Composing Language Models with Learned Connections

Author: Denis Avetisyan

Researchers are exploring ways to combine the power of multiple pre-trained language models without retraining, unlocking new levels of performance and efficiency.

The architecture leverages three distinct, frozen layer-1 models to encode input, projecting their hidden states into a shared latent space and averaging them to create a unified representation [latex]\mathbf{z}\_{1}[/latex], which then informs two further frozen layer-2 models at a sparsity level of 0.75; these layer-2 representations are subsequently projected into another shared space, culminating in a cross-attention output node that generates the final prediction-a process that trains only five projection matrices and the output node, totaling 17.6 million parameters.

This work introduces frozen language model graphs, a parameter-efficient method for cross-architecture communication via a shared latent space, enabling strong performance on diverse benchmarks.

Despite the increasing scale of large language models, efficiently combining their capabilities remains a significant challenge. This is addressed in ‘Dead Weights, Live Signals: Feedforward Graphs of Frozen Language Models’ which introduces a parameter-efficient architecture composing multiple pretrained LLMs via a learned, shared latent space for communication. By treating frozen models as nodes in a feedforward graph and optimizing only a small number of projection matrices, the approach achieves strong performance on reasoning and knowledge benchmarks, surpassing single-model baselines and parameter-matched classifiers. Can this differentiable communication paradigm unlock emergent capabilities beyond those present in individual, monolithic language models?

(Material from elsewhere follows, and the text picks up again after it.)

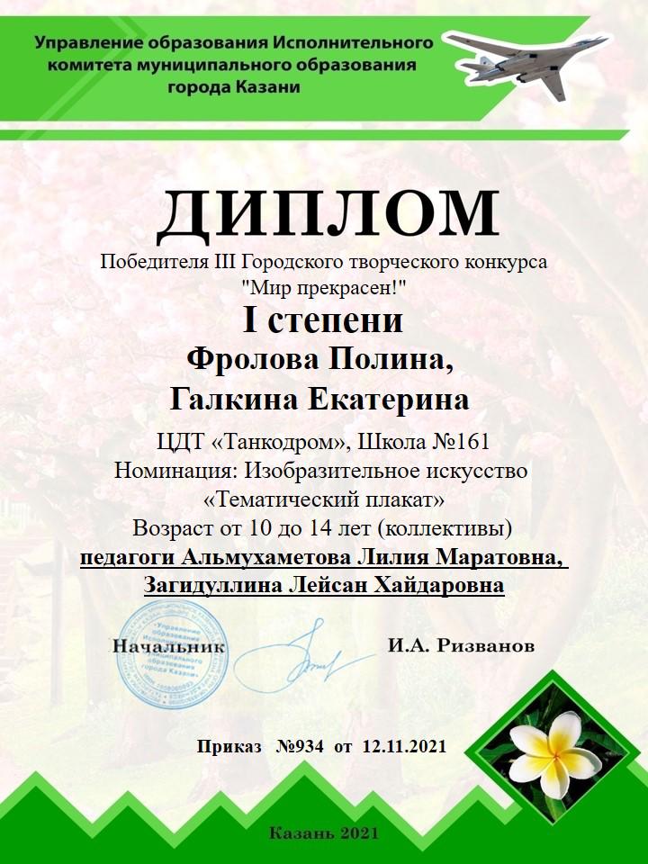 Фролова Полина,Галкина Екатерина - 1 место, Даутова Саида,Фиськова Валерия - 2 место.

Beyond Scale: Rethinking Intelligence

Despite the impressive scale of contemporary large language models, consistently achieving robust performance on complex reasoning tasks remains a significant challenge. These models, while proficient at pattern recognition and generating human-like text, often falter when confronted with problems demanding multi-step inference, logical deduction, or the integration of diverse knowledge sources. This limitation isn’t necessarily due to a lack of data or model size, but rather a fundamental constraint within the monolithic architecture itself. Current LLMs typically process information sequentially, hindering their ability to explore multiple reasoning pathways in parallel or to effectively decompose intricate problems into manageable sub-components. Consequently, researchers are increasingly focused on exploring novel architectural innovations – moving beyond simply scaling up existing models – to unlock true reasoning capabilities and create artificial intelligence systems that can reliably tackle complex challenges.

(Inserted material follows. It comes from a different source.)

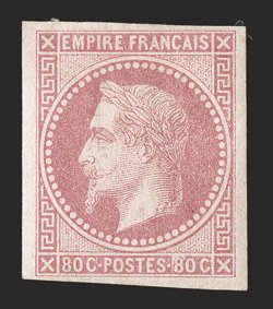 168 og Yvert #10 ImageYvert #10, 1871 80c Rose on pinkish, ample to mostly large margins, bright and fresh, o.g., h.r., very fine; signed Roumet (Scott #15; $1,100.00). (Image) €1,200

The limitations of scaling monolithic large language models have spurred investigation into alternative architectures, leading to the development of the Frozen LLM Graph. This innovative approach eschews traditional training methods by composing multiple, frozen LLMs – meaning their weights remain fixed – and connecting them in a directed acyclic graph. This architecture allows for specialized LLMs to handle distinct sub-tasks within a complex reasoning problem, effectively distributing the cognitive load. Remarkably, this system achieves state-of-the-art performance on various benchmarks while maintaining exceptional parameter efficiency; the Frozen LLM Graph requires only 17.6 million trainable parameters – a fraction of the billions typically found in contemporary LLMs – demonstrating a pathway towards more accessible and sustainable artificial intelligence.

Bridging the Divide: A Shared Latent Space

The Layer 1 Projection constitutes the foundational element of our methodology, functioning as a mapping process that transforms the hidden state vectors of distinct Large Language Models (LLMs) into a unified, Shared Latent Space. This projection involves a learned transformation – specifically, a set of matrices applied to the hidden states – allowing for the representation of information from models like Qwen2.5-1.5B, Llama-3.2-1B, and Gemma-2-2B within a common vector space. The resulting Shared Latent Space facilitates interoperability, enabling the models to exchange and process information despite architectural differences, and forms the basis for a combined reasoning system.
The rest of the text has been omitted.